RE: AppFuse, 'tool' of experts
I'm please to say that I've been biled yet again. The first time wasn't so bad, and this time seems pretty mild too. There's no mention of asshat, chozgobbler or turdburglar in the whole post, which is somewhat disappointing. Nevertheless, it's what I've come to expect from a guy who sallies car bombs and dances like a sissy.
Regardless of the lack of bile in Hani's post, he does bring up some good points. Let's take a look at them individually:
- IzPack and MyJavaPack: the progress bar doesn't work, and the installer downloads everything rather than just including/installing it all.
- To be honest, I didn't know it was possible to pack up everything and skip the internet download part. I'll definitely look into fixing this.
- You must have Tomcat installed to work with AppFuse.
- This is true, and I've thought about changing it to be Resin friendly, or possible Orion friendly, but there simply hasn't been any demand. Of course, Orion isn't that attractive to many folks because it doesn't even support Servlet 2.4. Maybe you should crackin' on that Hani! Or maybe you just like living in the dark ages with your affections for EJB 2.1, Servlet 2.3 and WebWork 1.4.

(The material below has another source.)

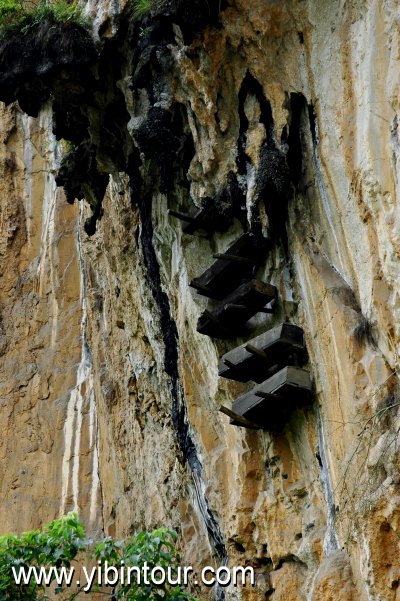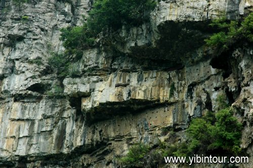 "僰人悬棺”位于珙县境内,系根据《珙县志》“珙本僰地,僰人多悬棺”而命名。早在1956年就列为省级重点文物保护单位,现为全国重点文物保护单位。僰人悬棺被称为世界之最、巴蜀一绝。悬棺葬是古代少数民族的一种葬制。珙县、兴文与云南接壤,为古西南夷腹地,汉武帝开夜郎,置犍为郡时属僰道县。历代僰人等少数民族聚居于这一带,故遗存的悬棺多,但现在最多和最集中处,当首推珙县洛表乡的麻塘坝和曹营乡的苏麻湾。珙县麻塘坝南北狭长,东西两侧奇峰挺拔,险拔峻峭的岩穴之间,许多棺木半悬山崖,在悬崖峭壁上现存悬棺160多具。距麻塘坝10多公里的曹营乡苏麻湾,陡峭的石灰岩壁上分布着悬棺48具。悬棺离地面多数为26至50米,高者达100米。悬棺的崖壁上有许多红色彩绘壁画,内容丰富,线条粗犷,构图简练,形象逼真。悬棺及岩画具有重要的历史价值和观赏价值,也是研究川南一带少数民族历史发展的实物材料。已成为世界悬棺葬研究者注目的中心,同时吸引着无数的旅游者。 这个景区充满古老而神秘的色彩。

- When creating a new project, you get prompted for the package name twice.
- This is true, and something we should fix. The major reason we haven't is because I didn't want to distribute a 2MB BeanShell JAR that would support the 3 lines of code to fix the problem. I guess I should bite the bullet and add the bloat, or figure out a more elegant way to fix the problem. Issue #75.
- Project generation auto-detects MySQL when you don't have it installed.
- MySQL is the default, but it's pretty easy (IMO) to use PostgreSQL or Oracle.
- I'm a web monkey.
- True, but that's cool now with Ajax and all.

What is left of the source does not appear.